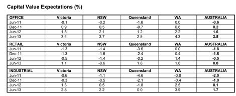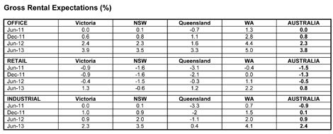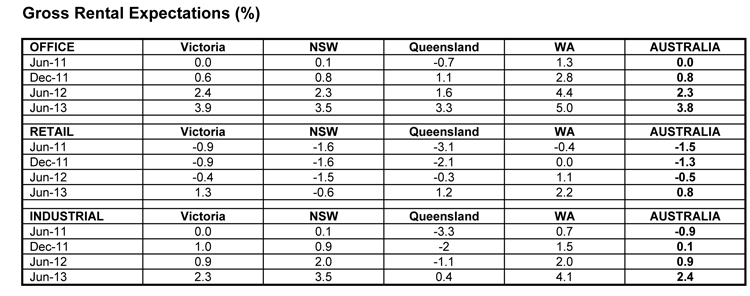 Office expectations have however been revised down from the March quarter survey when 2.8% capital growth was forecast by March 2012 and 4.3% forecast by March 2013.
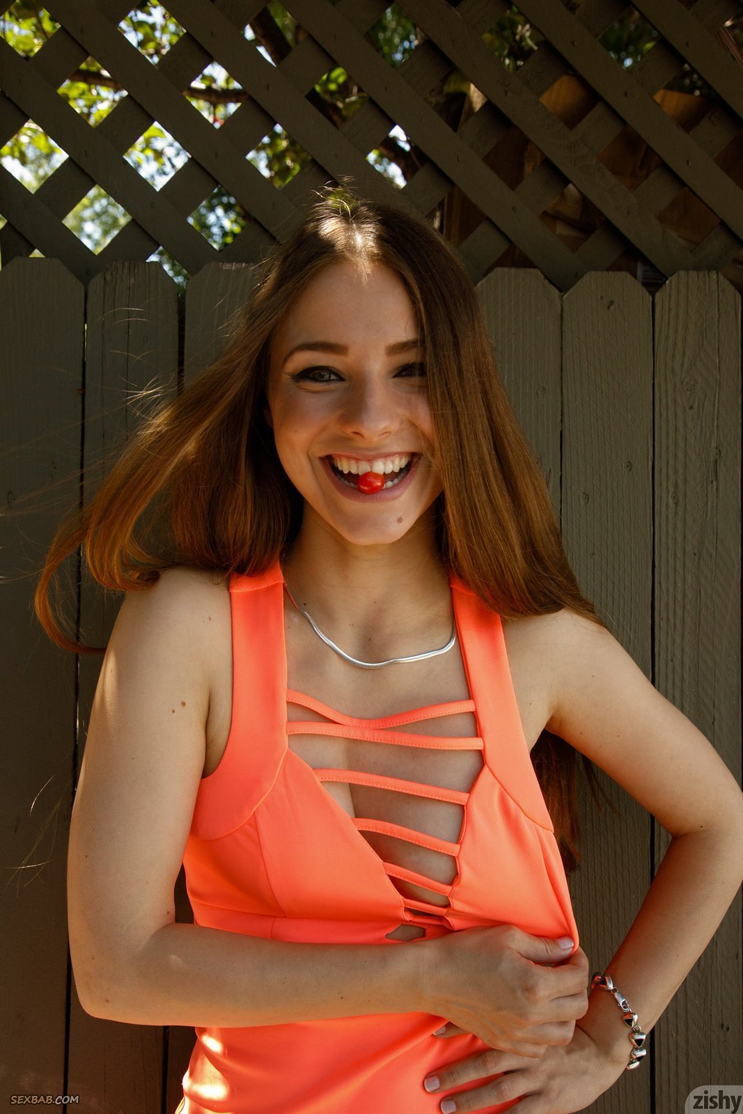 Описание: Очаровательная улыбчивая шатенка с худенькой талией в коротком платье и туфлях, прогулявшись на улице возвращается домой и засвечивает бритую письку. В процессе сексуальная молодая девушка так же демонстрирует попку и маленькие сиськи, раздеваясь для этого догола.
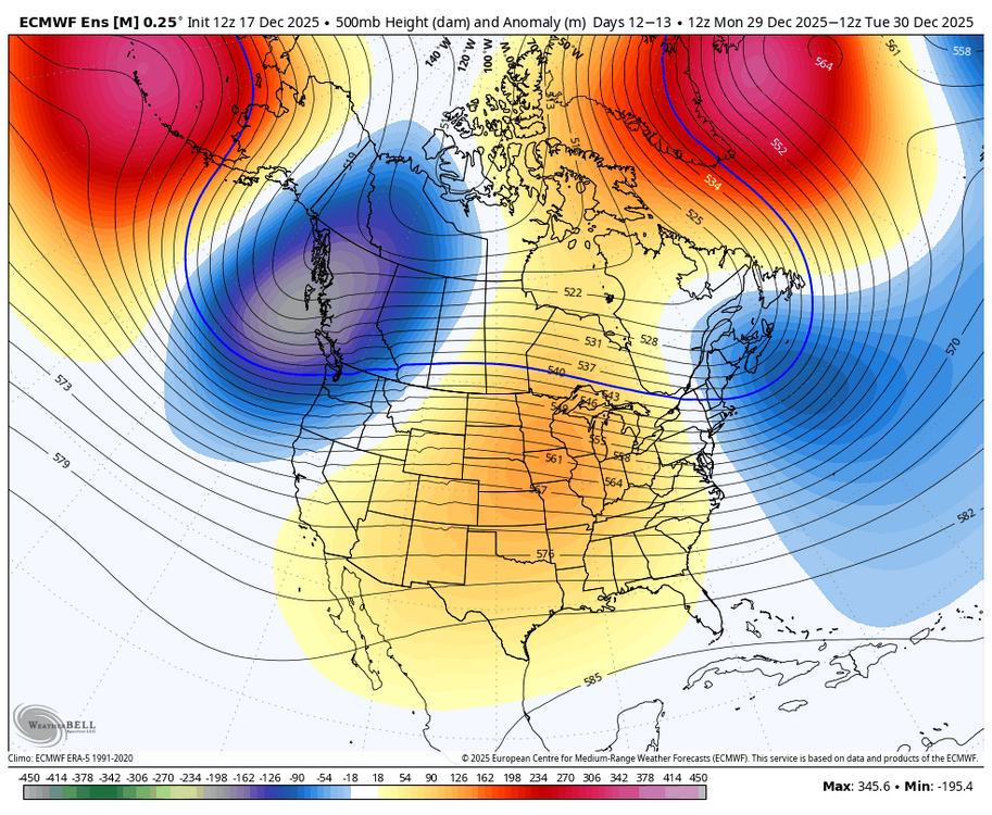 12Z GEFS strong -NAO that starts in just 5 days (12/22) and is the strongest -NAO for days 5-16 averaged out on any GEFS run back to at least Oct 31st: Compare this to the 0Z 12/12/25 run: 12/22-28 were 0 to +0.5 instead of -1 to -2
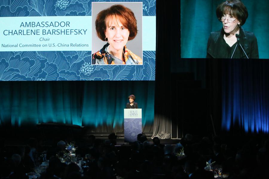NEW YORK-Charlene Barshefsky, ancienne représentante américaine au commerce et présidente du conseil d’administration du Comité national sur les relations Etats-Unis-Chine (NCUSCR), prend la parole lors du dîner de gala annuel du NCUSCR à New York, aux Etats-Unis, le 14 octobre 2025. Les intervenants au gala ont appelé à la poursuite du dialogue, à un engagement concret et à une collaboration accrue entre Washington et Beijing afin de stabiliser les relations bilatérales les plus importantes au monde.

_Task to carry out:_
Restate all the material verbatim; omit every picture.

_Reply to the task:_
 Office expectations have however been revised down from the March quarter survey when 2.8% capital growth was forecast by March 2012 and 4.3% forecast by March 2013.
 Описание: Очаровательная улыбчивая шатенка с худенькой талией в коротком платье и туфлях, прогулявшись на улице возвращается домой и засвечивает бритую письку. В процессе сексуальная молодая девушка так же демонстрирует попку и маленькие сиськи, раздеваясь для этого догола.
 12Z GEFS strong -NAO that starts in just 5 days (12/22) and is the strongest -NAO for days 5-16 averaged out on any GEFS run back to at least Oct 31st: Compare this to the 0Z 12/12/25 run: 12/22-28 were 0 to +0.5 instead of -1 to -2
NEW YORK-Charlene Barshefsky, ancienne représentante américaine au commerce et présidente du conseil d’administration du Comité national sur les relations Etats-Unis-Chine (NCUSCR), prend la parole lors du dîner de gala annuel du NCUSCR à New York, aux Etats-Unis, le 14 octobre 2025. Les intervenants au gala ont appelé à la poursuite du dialogue, à un engagement concret et à une collaboration accrue entre Washington et Beijing afin de stabiliser les relations bilatérales les plus importantes au monde.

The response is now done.